The last of the major wireless carriers released their first quarter results yesterday. We can now see what happened with wireless industry growth last quarter.
Bell has finally started to turn things around in its wireless division, but it still lags significantly behind its competitors. Bell added around 28,000 postpaid subscribers, compared to 97,000 at Rogers and 72,400 at TELUS, for a total of about 200,000 new postpaid subscribers. Contrast this with only 165,000 subscribers added a year ago. Last year, Bell had an abysmal first quarter with only 10,000 net postpaid additions.
Some of the media reports show TELUS having the most wireless additions this quarter, which is true if you include prepaid subscribers. Rogers had a net loss of 29,000 prepaid subscribers, pulling down their total net activations. But that was a good thing.
Why?
Because Rogers significantly raised its prepaid ARPU over the past year, so they seem to have shed the lower value subscribers to other service providers while increasing their total prepaid revenue.

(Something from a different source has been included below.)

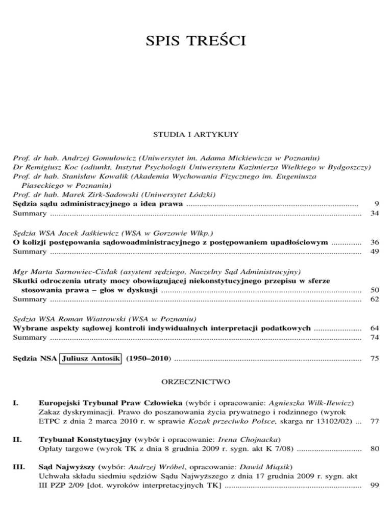 SPIS TREŚCI STUDIA I ARTYKUłY Prof. dr hab. Andrzej Gomułowicz (Uniwersytet im. Adama Mickiewicza w Poznaniu) Dr Remigiusz Koc (adiunkt, Instytut Psychologii Uniwersytetu Kazimierza Wielkiego w Bydgoszczy) Prof. dr hab. Stanisław Kowalik (Akademia Wychowania Fizycznego im. Eugeniusza Piaseckiego w Poznaniu) Prof. dr hab. Marek Zirk-Sadowski (Uniwersytet Łódzki) Se˛dzia sa˛du administracyjnego a idea prawa ............................................................................... 9 Summary ............................................................................................................................................... 34 Se˛dzia WSA Jacek Jaśkiewicz (WSA w Gorzowie Wlkp.) O kolizji poste˛powania sa˛dowoadministracyjnego z poste˛powaniem upadłościowym .............. 36 Summary ............................................................................................................................................... 49 Mgr Marta Sarnowiec-Cisłak (asystent se˛dziego, Naczelny Sa˛d Administracyjny) Skutki odroczenia utraty mocy obowia˛zuja˛cej niekonstytucyjnego przepisu w sferze stosowania prawa – głos w dyskusji ............................................................................................ 50 Summary ............................................................................................................................................... 62 Se˛dzia WSA Roman Wiatrowski (WSA w Poznaniu) Wybrane aspekty sa˛dowej kontroli indywidualnych interpretacji podatkowych ...................... 64 Summary ............................................................................................................................................... 74 Se˛dzia NSA Juliusz Antosik (1950–2010) ...................................................................................... 75 ORZECZNICTWO I. II. III. Europejski Trybunał Praw Człowieka (wybór i opracowanie: Agnieszka Wilk-Ilewicz) Zakaz dyskryminacji. Prawo do poszanowania życia prywatnego i rodzinnego (wyrok ETPC z dnia 2 marca 2010 r. w sprawie Kozak przeciwko Polsce, skarga nr 13102/02) ... 77 Trybunał Konstytucyjny (wybór i opracowanie: Irena Chojnacka) Opłaty targowe (wyrok TK z dnia 8 grudnia 2009 r. sygn. akt K 7/08) .............................. 80 Sa˛d Najwyższy (wybór: Andrzej Wróbel, opracowanie: Dawid Mia˛sik) Uchwała składu siedmiu se˛dziów Sa˛du Najwyższego z dnia 17 grudnia 2009 r. sygn. akt III PZP 2/09 [dot. wyroków interpretacyjnych TK] ............................................................... 99 4 IV. V. VI. Zeszyty Naukowe Sa˛downictwa Administracyjnego 2(29)/2010 Naczelny Sa˛d Administracyjny i wojewódzkie sa˛dy administracyjne A. Orzecznictwo Naczelnego Sa˛du Administracyjnego (wybór: Stefan Babiarz, opracowanie: Marcin Wia˛cek) 1. Uchwała składu całej Izby Finansowej NSA z dnia 14 grudnia 2009 r. sygn. akt II FPS 7/09 [dot. wykładni terminu „niewydanie interpretacji indywidualnej”] ........ 2. Uchwała składu siedmiu se˛dziów NSA z dnia 15 lutego 2010 r. sygn. akt II FPS 8/09 [dot. możliwości powołania art. 141 § 4 p.p.s.a. jako samodzielnej podstawy skargi kasacyjnej] .......................................................................................... B. Orzecznictwo wojewódzkich sa˛dów administracyjnych (wybór: Bogusław Gruszczyński, opracowanie: Marcin Wia˛cek) 1. Wyrok WSA w Kielcach z dnia 8 stycznia 2009 r. sygn. akt II SA/Ke 718/08 [dot. charakteru prawnego terminu do złożenia oświadczenia o zrealizowaniu przedsie˛wzie˛cia zgodnie z planem rozwoju gospodarstwa niskotowarowego] ........... 2. Wyrok WSA w Szczecinie z dnia 27 maja 2009 r. sygn. akt I SA/Sz 37/09 [dot. warunków skorzystania z tzw. ulgi odsetkowej w podatku dochodowym od osób fizycznych] ....................................................................................................... 3. Wyrok WSA w Białymstoku z dnia 30 września 2009 r. sygn. akt I SA/Bk 295/09 [dot. terminu do złożenia korekty deklaracji VAT] ..................................................... 4. Wyrok WSA w Poznaniu z dnia 7 października 2009 r. sygn. akt IV SA/Po 608/09 [dot. kompetencji nadzorczych wojewody] .................................................................. 5. Wyrok WSA w Szczecinie z dnia 14 października 2009 r. sygn. akt II SA/Sz 819/09 [dot. wymiany zagranicznego prawa jazdy] ................................................................. Wnioski Prezesa NSA i pytania prawne sa˛dów administracyjnych skierowane do Trybunału Konstytucyjnego (opracowała Irena Chojnacka) 1. Pytanie prawne Naczelnego Sa˛du Administracyjnego, postanowienie z dnia 18 grudnia 2009 r. sygn. akt I FSK 1609/08 [dot. uprawnienia do skorygowania deklaracji podatkowej] ........................................................................................................ 2. Pytanie prawne Wojewódzkiego Sa˛du Administracyjnego we Wrocławiu, postanowienie z dnia 14 stycznia 2010 r. sygn. akt IV SA/Wr 373/09 [dot. ograniczeń czasowych do składania wniosku o przyznanie uprawnień kombatanckich] ................................................................................................................... 3. Pytania prawne Wojewódzkiego Sa˛du Administracyjnego w Warszawie: 3.1. Postanowienie z dnia 12 lutego 2010 r. sygn. akt VI SA/Wa 1153/09 [dot. sa˛dowoadministracyjnej kontroli orzeczeń polskiego zwia˛zku sportowego w przedmiocie udzielenia klubom sportowym licencji na dany sezon rozgrywkowy] ................................................................................................................... 3.2. Postanowienie z dnia 20 stycznia 2010 r. sygn. akt I SA/Wa 1667/09 [dot. warunków, jakie musi spełniać uczelnia, by prowadzić studia na określonym kierunku i poziomie kształcenia] ..................................................................................... 114 122 128 132 138 143 146 151 152 153 156 Glosy Prof. dr

The other numbers to watch in these quarterly reports are postpaid ARPU and postpaid churn, again led by Rogers with better than $72 and 1.1% respectively. Data is now more than 15% of Rogers’ revenue. TELUS also experienced a 50% increase in its wireless data revenues and its data represents about the same percentage of its wireless revenues.
MTS Allstream reports later today, providing some visibility into the performance of one of the most promising potential new national wireless players.